Journey Tracking: Visual progress indicators showing current round (1-4), completed rounds with metadata, and export readiness status.
Scaling Implementation Strategy
Cloning Process for New Categories
Step 1: Handler Creation
// Copy and rename the trio:
generateSparkFollowupQuestions.ts → generateInquiryAsStoryFollowupQuestions.ts
saveSparkFollowupRound.ts → saveInquiryAsStoryFollowupRound.ts
generateSparkSynthesis.ts → generateInquiryAsStorySynthesis.ts
Step 2: Prompt Adaptation
- Update system instructions with category-specific pedagogical goals; test via model's prompt management tools, such as Vertex AI
- Modify question schemas to reflect subcategory structure
- Define JSON schema for structuring output (useful for display and database ledger)
- Adjust synthesis prompts for category lens focus
Step 3: UI Component
// Copy and adapt:
spark-of-inquiry.tsx → inquiry-as-story.tsx
// Update: category constants, API endpoints, route handlers
Step 4: Routing Integration
- Add route:
/pages/movement1/deep-dive/inquiry-as-story.tsx - Update deep-dives dashboard to enable new category
Database Considerations
No schema changes are required. The same tables support all categories through the category_selected field.
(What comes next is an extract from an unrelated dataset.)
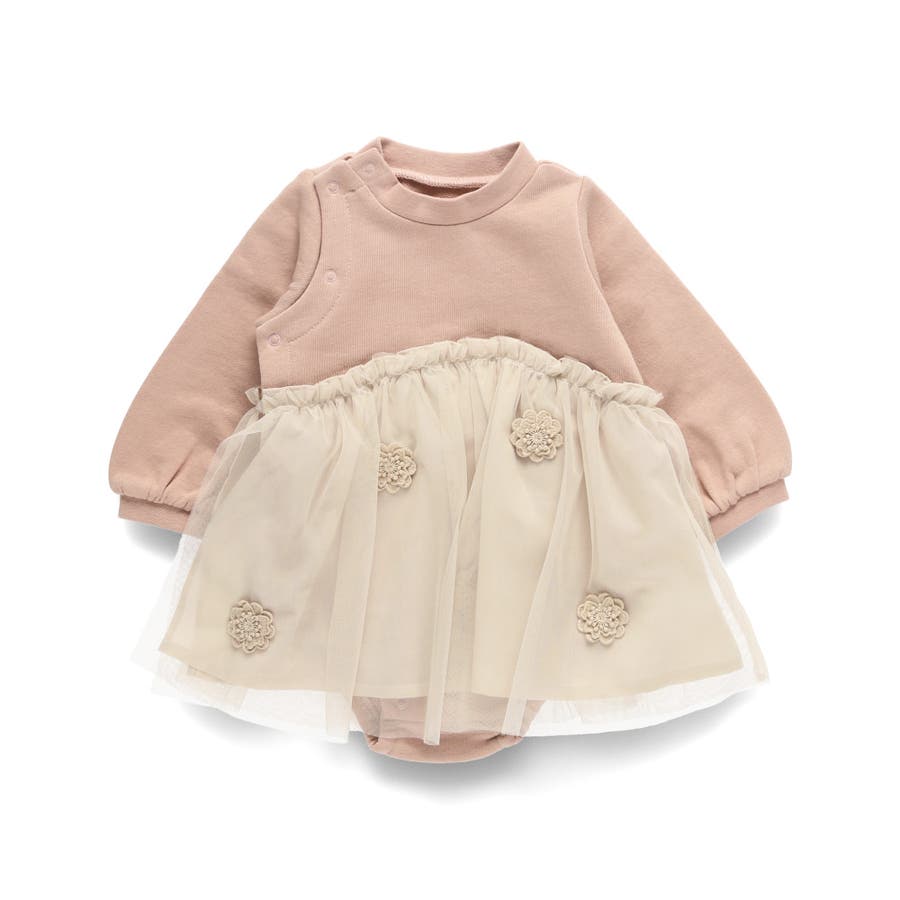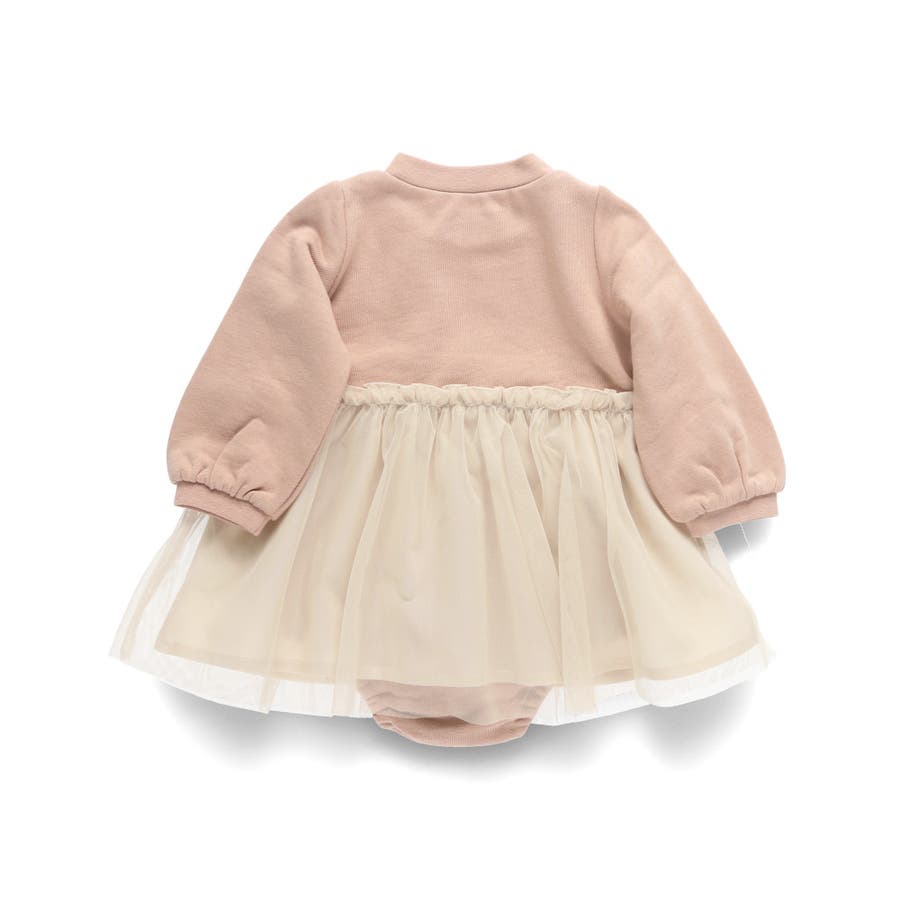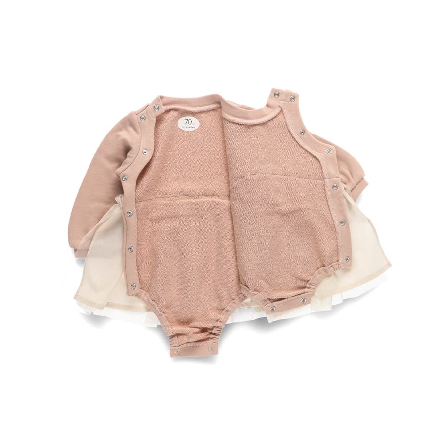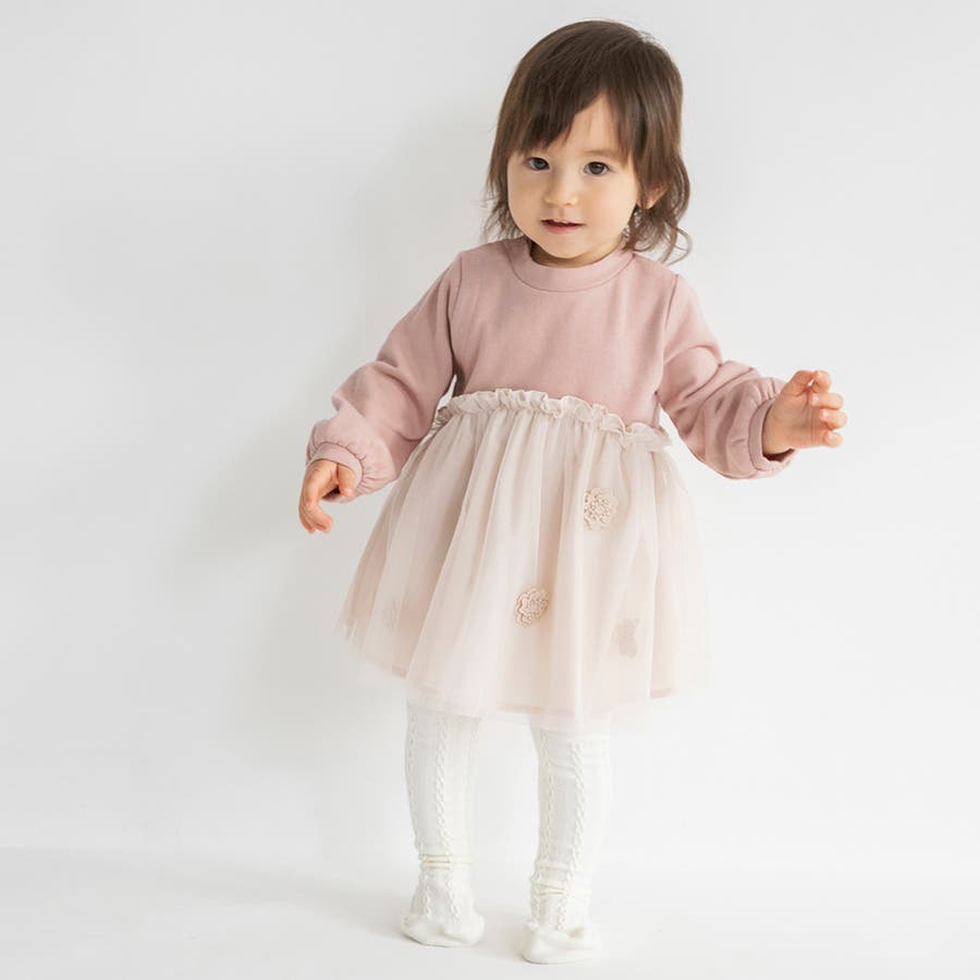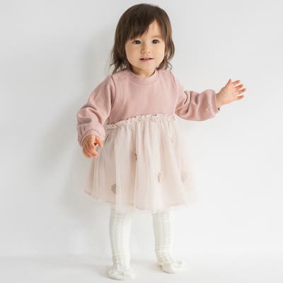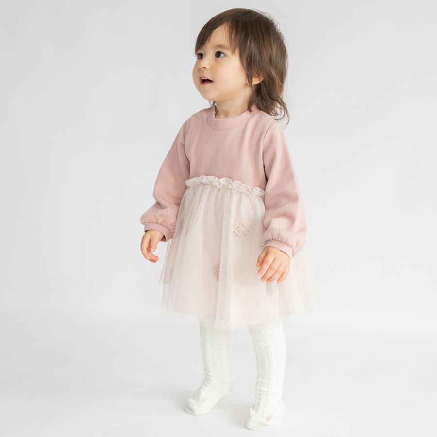素材 | 本体:綿100% チュール部分:ポリエステル100% 布帛部分:ポリエステル80% 綿20% モチーフ:ポリエステル100% リブ部分:綿95% ポリウレタン5% |

Categories are differentiated by string values:
"Spark of Inquiry"
"Inquiry as Story"
"Stakes and Significance"
"Puzzles and Unknowns"
"Listeners and Lens"
"Production Lab"
Developer Implementation Guide
Adding a New Category: "Inquiry as Story"
1. Create Handlers
- Clone spark handlers, update imports and category constants
- Develop new prompts with inquiry-as-story specific content
- Update API endpoints in handler file names
2. Create UI Component
- Copy
spark-of-inquiry.tsxtoinquiry-as-story.tsx - Update category constant and page title
- Change API endpoint calls to new handlers
3. Update Dashboard
- Enable "inquiry-as-story" category in deep-dives page
4. Test End-to-End
- Verify question generation with category-specific content
- Test 4-round completion flow
- Confirm synthesis generation and export functionality
Quality Assurance Checklist
Data Integrity:
- Session ID properly links to original completed session
- Category selection correctly stored and retrieved
- Round progression follows 1→2→3→4 sequence
- AI metadata captured at each step
User Experience:
- Question randomization working per session
- Loading states appropriate for AI generation
- Error handling for network/API issues
- Export functionality generates complete reports
AI Integration:
- Prompts generate category-appropriate questions
- Token usage tracked and displayed educationally
- Thought summaries provide meaningful observability into computational processes
- Synthesis reflects category-specific analytical lens
System Benefits
For Students
- Analytical Flexibility: Same topic, multiple perspectives
- Depth Over Breadth: Focused exploration of a single dimension
- Metacognitive Awareness: Encountering different ways of seeing the same research problem
- Portfolio Generation: Exportable documentation of inquiry processes
- Expressive Versatility: The core inquiry process adapts to various final formats, from podcasts to essays, strengthening transferable communication skills
- Post-Prompt Prompting: Students analyze AI output and experiment with prompting strategies based on analytical directions they want to explore; they create their own deep dives
For Instructors
- Modular Assignment Design: Mix and match categories based on course goals
- Media-Agnostic Scaffolding: Tailor assignments for different final outputs (written, audio, visual) using the same consistent inquiry tool
- Assessment Granularity: Track student engagement with specific analytical frameworks
- Scaffolding Control: Students complete foundational work before accessing extensions
For Researchers
- Pedagogical Data: How different analytical lenses affect student reasoning
- AI Interaction Patterns: Token usage and engagement across categories
- Longitudinal Analysis: How perspective-taking develops over time
Adding new deep dive categories requires minimal technical overhead. The pedagogical integrity of the framework comes from the prompts, and prompts are the part that changes.